Adey couldn’t take her eyes off the child opposite. She was the spitten of her mother at that age: the same long sandy plaits and those blue Yewell eyes. If she’d walked past her in the street, it would’ve been like seeing a ghost. How could she have gotten her age so wrong? Miriam must have been born at the war’s end. The son died as a baby. They ought to have visited but farms couldn’t run on their own and bridges had been burned when Ellie ran away.
The truth was she couldn’t bear to see her daughter living in the rough, running after a navvy into goodness knows what conditions. No wonder she…but this lass would get her chances even if she did have Paddy’s wild blood inside her. There was a spark to her eyes and an edge to her tongue, and she was quick to defend herself like all the Yewells.

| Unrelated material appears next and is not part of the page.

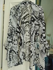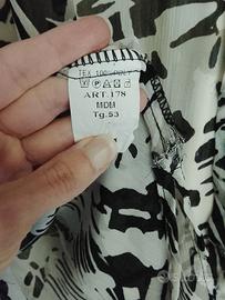 Camicia da donna sia elegante che per contesti meno formali. Poliestere. Made in Italy. Usata ma poco. In ottime condizioni. Con ancora il bottone di ricambio attaccato all'etichetta interna, come mostro nella foto. Taglia 53, come da etichetta mostrata in foto.
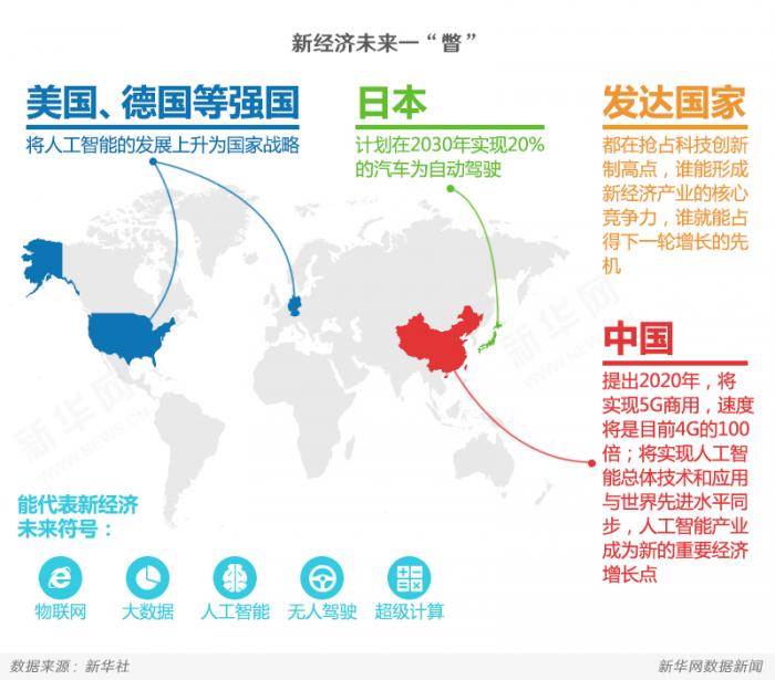 中国提出2020年,实现5G商用;实现人工智能产业成为新的重要经济增长点……中国已将新经济领域科技创新,作为带动国家跨越式发展的关键;

So they called her Mirren not Miriam, the Scotch way, the old Granny had whispered. The lass had a right to her name but the Yewells were proud of Miriam and doled it out to their firstborn daughters for generations. Ellie had done the same for her daughter and that was touching.
Adey had to admit she was warming to the bairn even if she could see a few battles ahead with stubbornness. Mirren was a town child and not easy to settle up the dale, not used to shutting gates and doing chores. They were used to shops and dens of iniquity round every corner, cinema houses showing bare flesh as if it were decent. The child’d need watching and fattening up; all legs and elbows and bony knees. The kiddy was sitting in a dark serge coat two sizes too small, with her skirt hem showing and her stockings in need of a good darn: more holey than godly. Heaven only knew what was underneath. Full of fleas no doubt, but a good scrub would sort that out.
‘Do you like the country?’ she asked, trying to interest the girl away from picking her nose.
‘If you’ve seen one sheep you’ve seen the lot,’ Mirren sighed.